Add support for pam-kwallet in kwalletd
Review Request #116555 - Created March 2, 2014 and submitted
This patch adds support for pam-kwallet (in my scratch right now, to be released soon). This is how the new pam works, and why this patch is needed: In order to open the wallet in a secure way we have to try hard to not send the hash on an insecure manner. This is how we achieve that: -pam_kwallet creates a pipe. -pam_kwallet opens a local socket listening somewhere (/tmp/foo.socket for example). -pam_kwallet forks+execv kwallet, passing via arguments the sockets (pipe and local socket). -pam_kwallet sends the hash via the pipe. -kwalletd gets the hash and waits for the environment. -startkde uses "socat" to send the environment to kwalletd. -kwalletd setups the environment before any Qt code is executed. -kwalletd resumes execution.

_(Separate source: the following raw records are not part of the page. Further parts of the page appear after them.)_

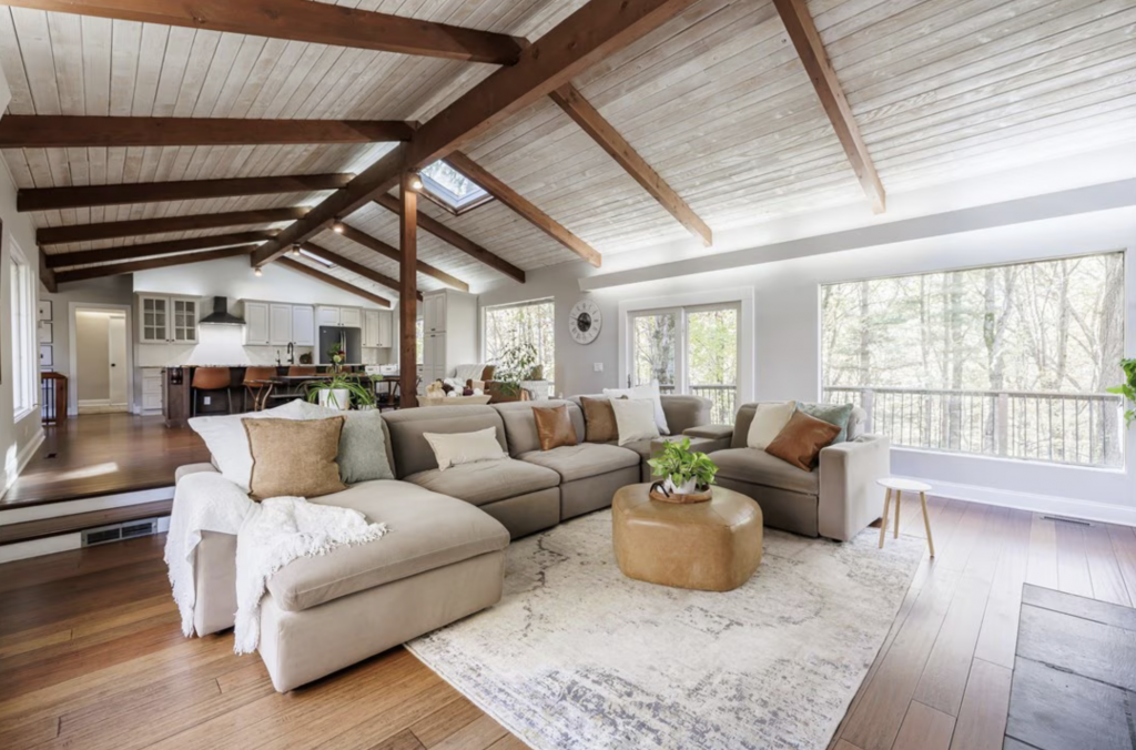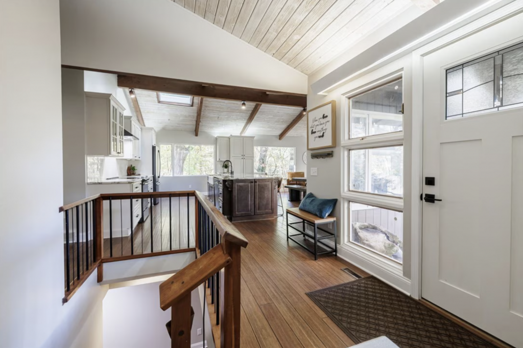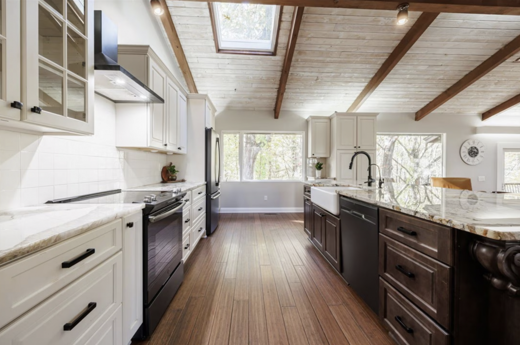 Designed by renowned architect Don Hershey, this remarkable 5 bedroom, 3 full bath ranch blends timeless mid-century design with stunning modern updates on nearly 6 private acres backing to Lilly Pond. The fully remodeled kitchen is the heart of the home, featuring an expansive island with breakfast bar, granite counters, custom cabinetry, & an open-concept layout perfect for entertaining & everyday living. The main level showcases beautiful hardwood floors, grand ceilings, skylights, & southern-facing windows that fill the home with natural light. The great room serves as a true centerpiece — featuring a floor-to-ceiling fossil-stone wood-burning fireplace, large windows overlooking the property, & sliding-glass doors leading to the private deck. The primary suite includes hardwood floors, a fully updated ensuite bath with double sink vanity, tile shower with glass door, first-floor laundry, & its own sliding-glass doors opening to the deck, offering a peaceful retreat. An office along with a bonus room which connects the garage to the main living area add versatility & functionality to the main floor. The lower walkout level, included in the square footage, offers four bedrooms, including the standout “Cave Room” — an ode to the home’s location on Cavan Way — featuring heated ceramic tile floors & sliding-glass doors that open to the new lower-level patio. This level also includes two fully updated full bathrooms, a relaxing sauna & an additional bonus room. The remaining rooms feature brand-new carpet & fresh paint, highlighting the home’s extensive renovations. Outside, enjoy a tranquil water feature, beautiful landscaping with mature rhododendrons. This one-of-a-kind Don Hershey masterpiece seamlessly blends artistry, function, & modern comfort.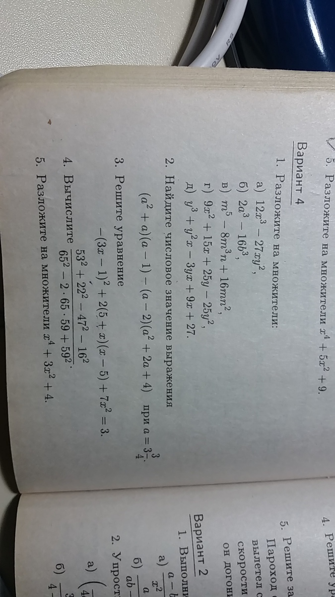 1.а) 12х^3 - 27ху^2=3х (4х^2 - 9у^2)=3х (2х-3у)(2х+3у)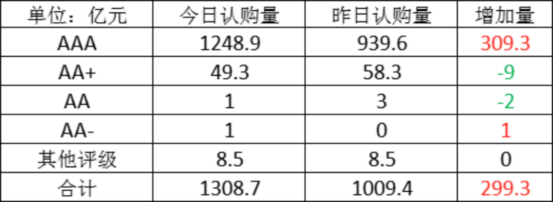今日存单认购量规模1308.7亿元,较上一工作日认购量有所增加,增加了299.3亿元。

With this way of executing kwallet we get: -pam_kwallet knows to who it is sending the hash (its on child). -hash is never revealed on shared memory (dbus), since pipes are private to the apps. -ptrace is usually disabled so only root can see the hash on the app memory -no Qt code is executed without the proper environment (same as startkde) -if kwalletd is executed normally (not from pam_kwallet) then it is business as usual. The patch also comes with integration tests that simulate how kwalletd is executed in the pam module. For the release team, I would love to add this to 4.13, after all it is innocuous if kwalletd is not executed via pam_module.

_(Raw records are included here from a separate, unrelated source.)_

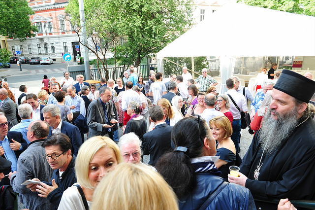 Поред Преосвећеног Епископа Андреја, евангелистичког бискупа Михаела Бинкера и римокатоличког умировљеног бискупа Максимилијана Ајхерна (носилац ордена Светог Саве 1. степена), међу високим званицама су били и представници државних социјалних служби, као и нова директорка Дијаконије Аустрије госпођа Марија Мозер, пасторина Евангелистичке жупе у Бечком округу Симерингу. У својим обраћањима, сви говорници су подвукли тесну везу Цркве са хуманитарним и социјалним службама.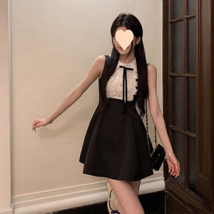 パッチワークレースドール夏気質スリムドレスフレンチノースリーブAラインスカートウエストショートスカート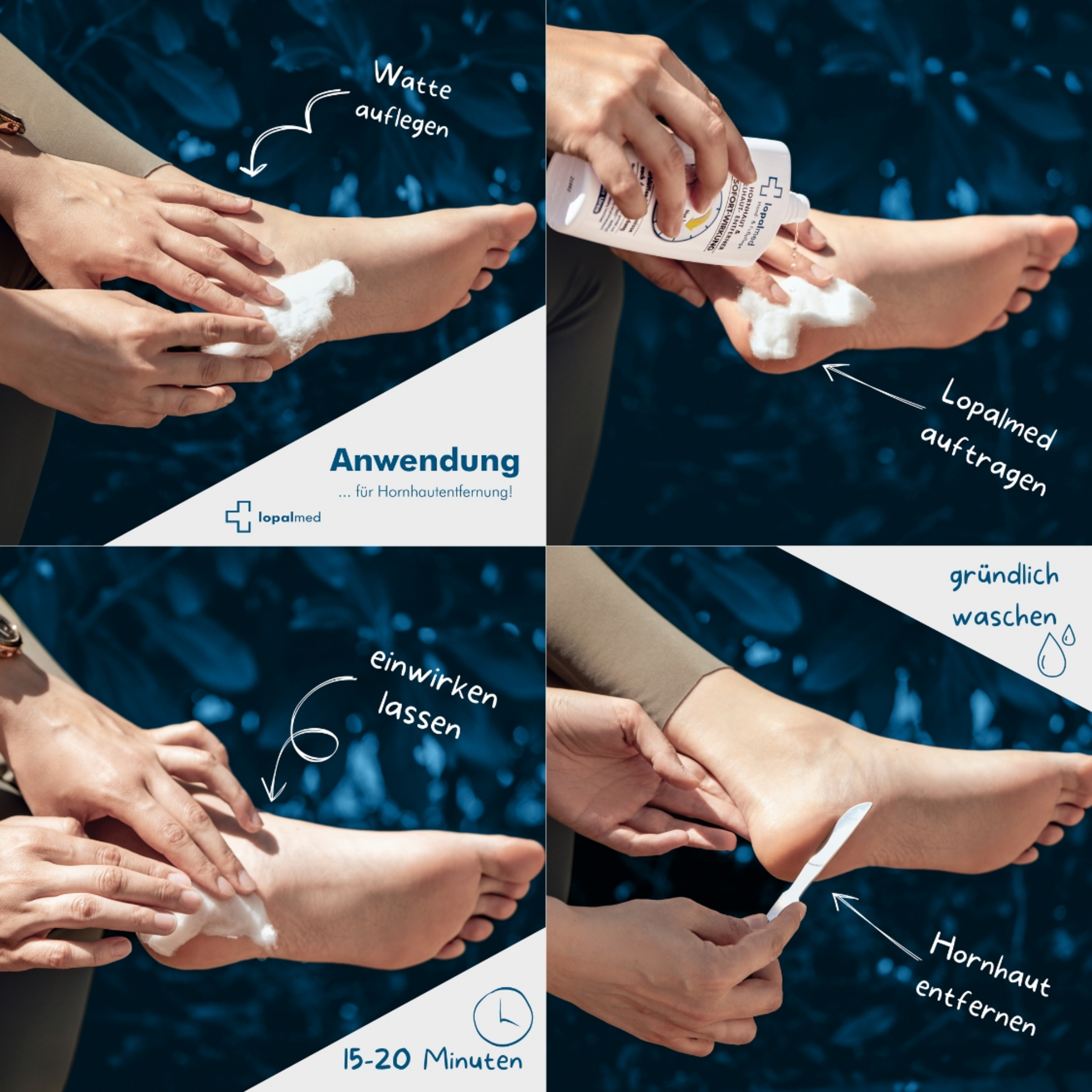 Vor der Anwendung muss die Hornhaut sehr trocken sein. Legen Sie eine dünne Schicht Lopalmed Watte (1) auf die zu behandelnden Stellen. Tränken Sie die Watte mit Lopalmed HORNHAUT & NAGELHAUT- ENTFERNER (2). Jetzt drücken Sie die Watte an die Hornhaut, damit die Watte gut haften bleibt. Nach ca. 10 Minuten können Sie nochmal etwas Entferner-Lotion auf die Watte geben, um die Wirkung zu intensivieren. Das Umwickeln mit Frischhaltefolie schenkt Ihnen zusätzlich Mobilität.

|Make this function static like the other ones?||Albert Astals Cid|
The Beta 1 of 4.13 is on Wednesday. Can the maintainer of the code affected by this give a evaluation of how "dangerous" this patch is and his recommendation for the Freeze exception?
For the release time, since this is really like I would like to give you my PoV on what the worse case scenarios are. -If the kwalletd is not executed using pam, then nothing will happen. This patch will do nothing if --pam-login is not passed as an argument. -If the argument is passed and the environment variable is set (which means kwalletd has been executed by the pam module) then we will attempt to read from the specified sockets the required data to open the pam. In the worse case scenario, lets imagine kwalletd crashes or something similar still the user will not notice a thing, since kwalletd will get executed again by libkwallet, and this time it won't have the "--login-pam" argument, so it won't be affected by this patch. So, to summary it: -It is impossible this breaks anything even if you use the pam module.
With my Release Team member hat i don't oppose to this change ending up in 4.13. Please wait until wednesday mid-day to see if anyone has any opposing comment and if not feel free to commit it to 4.13 before the Beta 2 tag.
@Alex, please just make sure to release pam-wallet before next beta ;-) (also, it would be nice to have a CMake indication about pam-wallet dependency - from patch, it looks it's a runtime only dep?)